Aim of the task: Since the copy must match the original, write out each record word for word, skipping only the pictures.
* * * * * * * * *
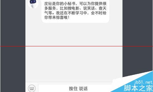 6、按住說話,比如用普通話說“車子”,說完后度秘便會與你聊天,說出可能你感興趣的內容。如果你的問題夠詳細,得到的結果越準確。無聊的時候,你還可以與度秘閑聊,把度秘作為一個好友聊各種話題,他都可以回答你。讓他講個笑話什么的,都是可以的。
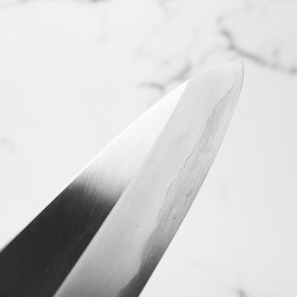Japanese Ginsan steel, also known as Silver-3 or G3, is an underrated high-grade semi-stainless steel loved by many for being in the ‘goldilocks zone’ of knife steels. It holds a very respectable edge, but is effortless to sharpen. It is considered the semi-stainless version of White 2. It is the knife steel of choice for many home cooks and professional chefs alike.
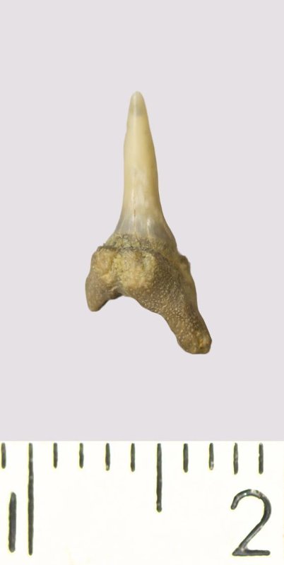 Зуб. Акула. Odontaspis venusta (Leriche, 1929). Классификация: Хордовые Chordata, Позвоночные Vertebrata, Хрящевые рыбы Chondrichthyes, Пластиножаберные Elasmobranchii
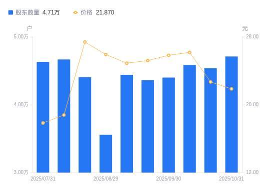 近一年(2024年10月31日至2025年10月31日),博威合金A股股东户数从3.83万户,增加至4.71万户,增幅22.98%,区间股价上涨17.46%。
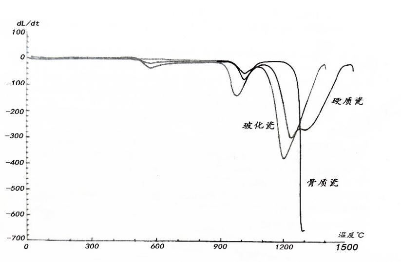 图1 骨质瓷、硬质瓷和玻化瓷坯体膨胀曲线
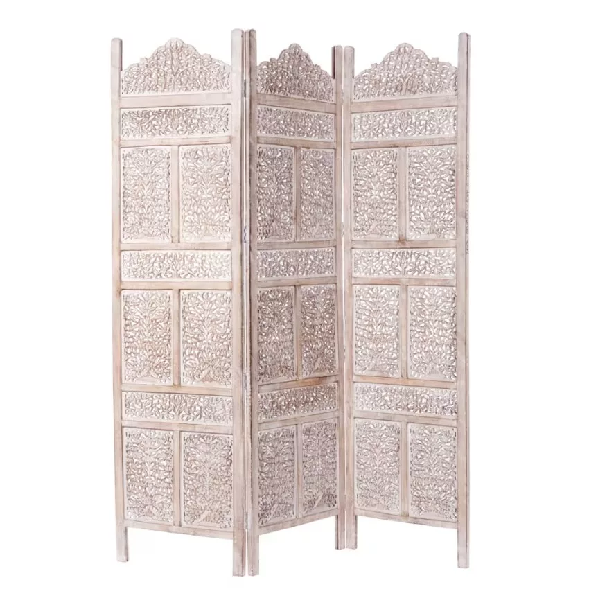 Paravent en bois blanchi massif. Chaque produit est unique.
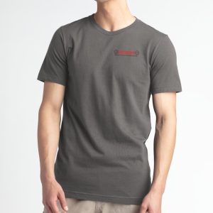Double sided in gray with the logo on the top front left and Eagle and flag logo on the back of the shirt. 100% cotton and silk screened.
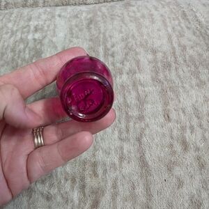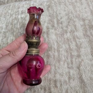 Elegant vintage glass perfume bottle in a striking red hue. Perfect for adding a touch of classic charm to your home decor.
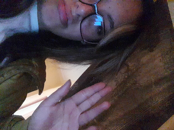 The image displays a young female subject captured in a close-up, upward-angled shot. She occupies the left and central portion of the frame, wearing dark-rimmed eyeglasses that reflect blue light. Her long, dark hair features lighter streaks near her face, which is partially visible from the left side. Her lips are slightly parted. She is dressed in a light-colored top, beneath a brown or tan outer garment with a distinct, textured collar or lapel visible over her right shoulder. Her left hand is raised, palm facing forward, with fingers slightly splayed. The upper part of the frame is dominated by a dark, coarse, and horizontally oriented textured surface, possibly wood. The background, visible behind the subject's right side, consists of a plain, light-colored wall with a faint vertical line, indicative of an indoor environment. No specific visual elements are present to identify a location within the city of Meknes, Morocco.
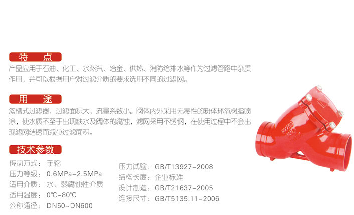 SGX-16溝(gōu)槽式Y型(xing)過濾器(qi)
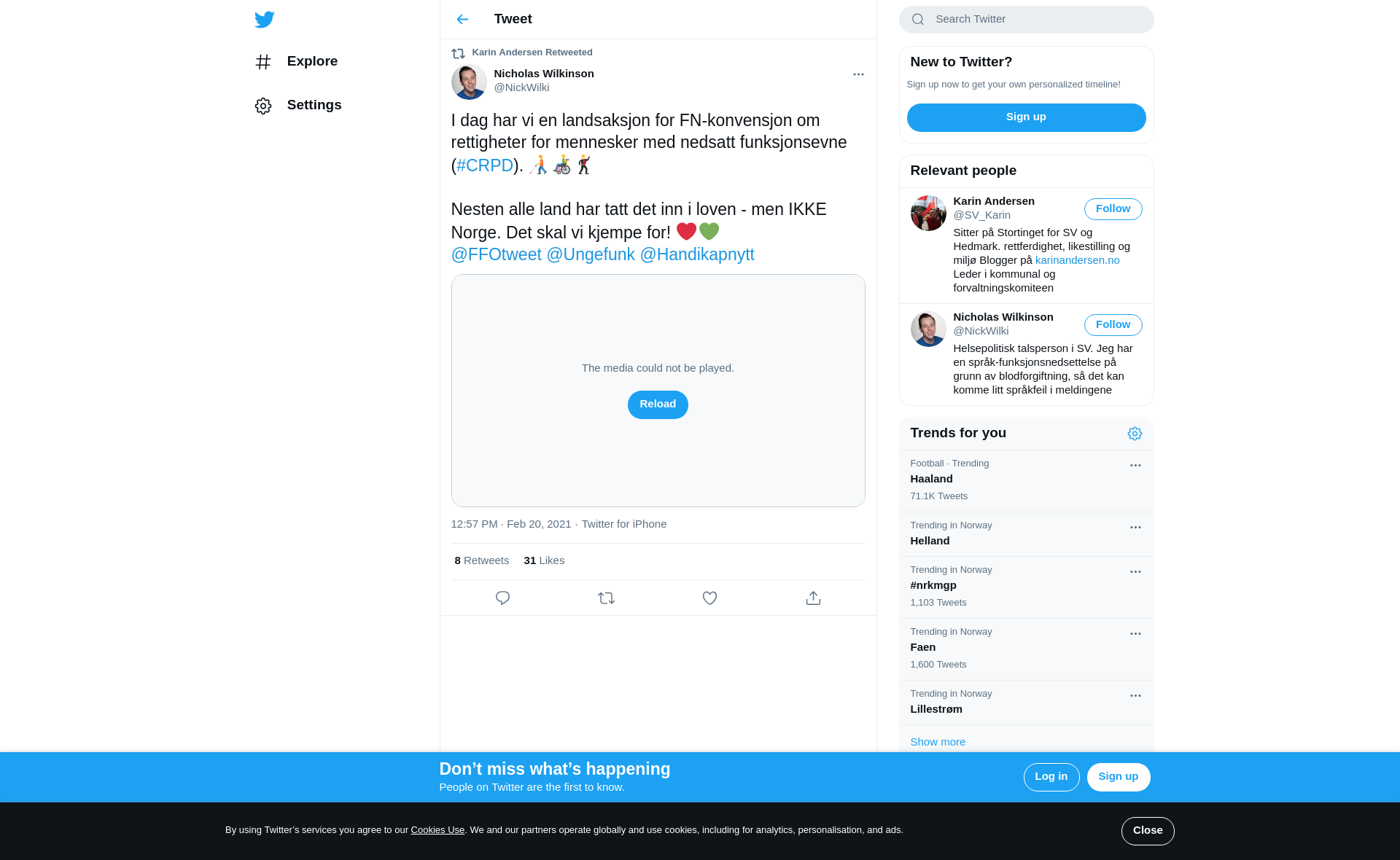 RT @NickWilki: I dag har vi en landsaksjon for FN-konvensjon om rettigheter for mennesker med nedsatt funksjonsevne (#CRPD). 🧑🦯👨🦽🕺 Neste…
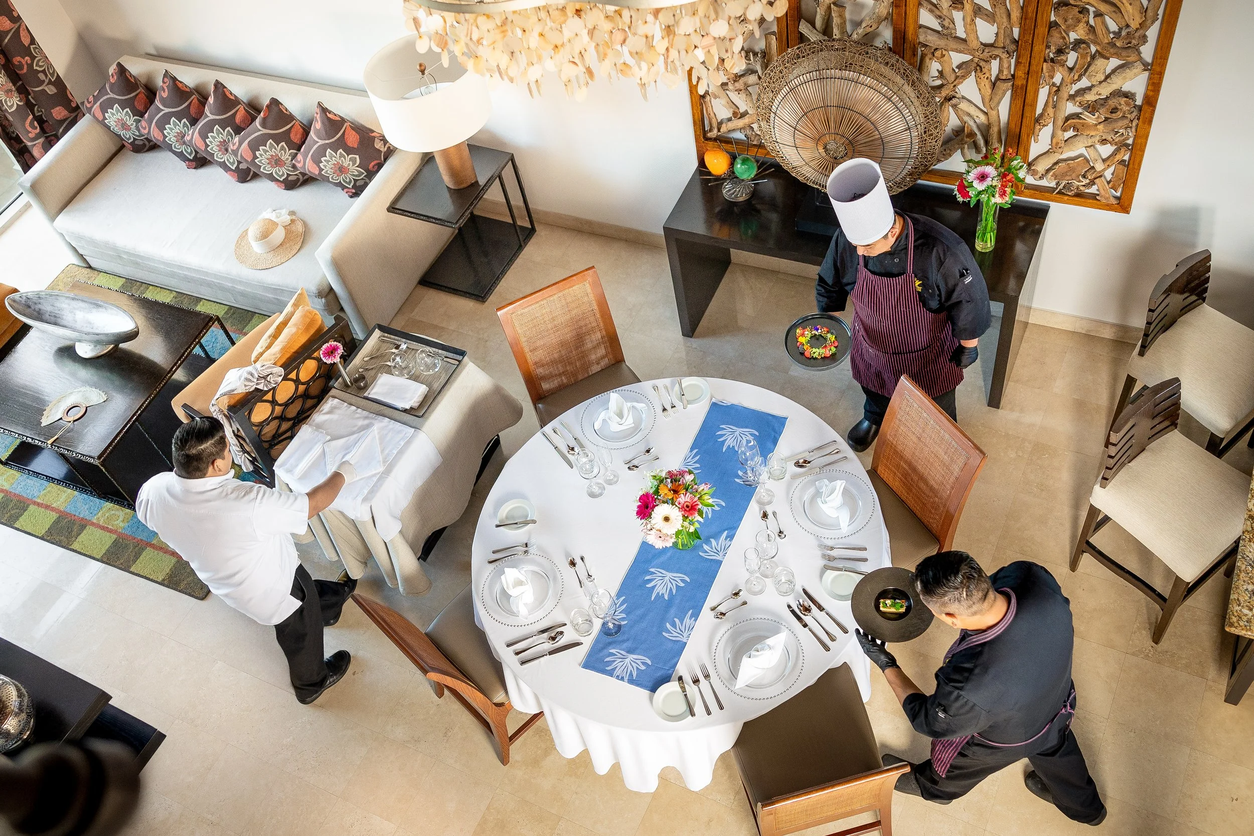 Overhead view of a formal dining setup with two chefs arranging dishes, a set table with white tablecloth and floral centerpiece, and a worker preparing napkins nearby.
* * * * * * * * *
Reply:
 6、按住說話,比如用普通話說“車子”,說完后度秘便會與你聊天,說出可能你感興趣的內容。如果你的問題夠詳細,得到的結果越準確。無聊的時候,你還可以與度秘閑聊,把度秘作為一個好友聊各種話題,他都可以回答你。讓他講個笑話什么的,都是可以的。
Japanese Ginsan steel, also known as Silver-3 or G3, is an underrated high-grade semi-stainless steel loved by many for being in the ‘goldilocks zone’ of knife steels. It holds a very respectable edge, but is effortless to sharpen. It is considered the semi-stainless version of White 2. It is the knife steel of choice for many home cooks and professional chefs alike.
 Зуб. Акула. Odontaspis venusta (Leriche, 1929). Классификация: Хордовые Chordata, Позвоночные Vertebrata, Хрящевые рыбы Chondrichthyes, Пластиножаберные Elasmobranchii
 近一年(2024年10月31日至2025年10月31日),博威合金A股股东户数从3.83万户,增加至4.71万户,增幅22.98%,区间股价上涨17.46%。
 图1 骨质瓷、硬质瓷和玻化瓷坯体膨胀曲线
 Paravent en bois blanchi massif. Chaque produit est unique.
Double sided in gray with the logo on the top front left and Eagle and flag logo on the back of the shirt. 100% cotton and silk screened.
 Elegant vintage glass perfume bottle in a striking red hue. Perfect for adding a touch of classic charm to your home decor.
 The image displays a young female subject captured in a close-up, upward-angled shot. She occupies the left and central portion of the frame, wearing dark-rimmed eyeglasses that reflect blue light. Her long, dark hair features lighter streaks near her face, which is partially visible from the left side. Her lips are slightly parted. She is dressed in a light-colored top, beneath a brown or tan outer garment with a distinct, textured collar or lapel visible over her right shoulder. Her left hand is raised, palm facing forward, with fingers slightly splayed. The upper part of the frame is dominated by a dark, coarse, and horizontally oriented textured surface, possibly wood. The background, visible behind the subject's right side, consists of a plain, light-colored wall with a faint vertical line, indicative of an indoor environment. No specific visual elements are present to identify a location within the city of Meknes, Morocco.
 SGX-16溝(gōu)槽式Y型(xing)過濾器(qi)
 RT @NickWilki: I dag har vi en landsaksjon for FN-konvensjon om rettigheter for mennesker med nedsatt funksjonsevne (#CRPD). 🧑🦯👨🦽🕺 Neste…
 Overhead view of a formal dining setup with two chefs arranging dishes, a set table with white tablecloth and floral centerpiece, and a worker preparing napkins nearby.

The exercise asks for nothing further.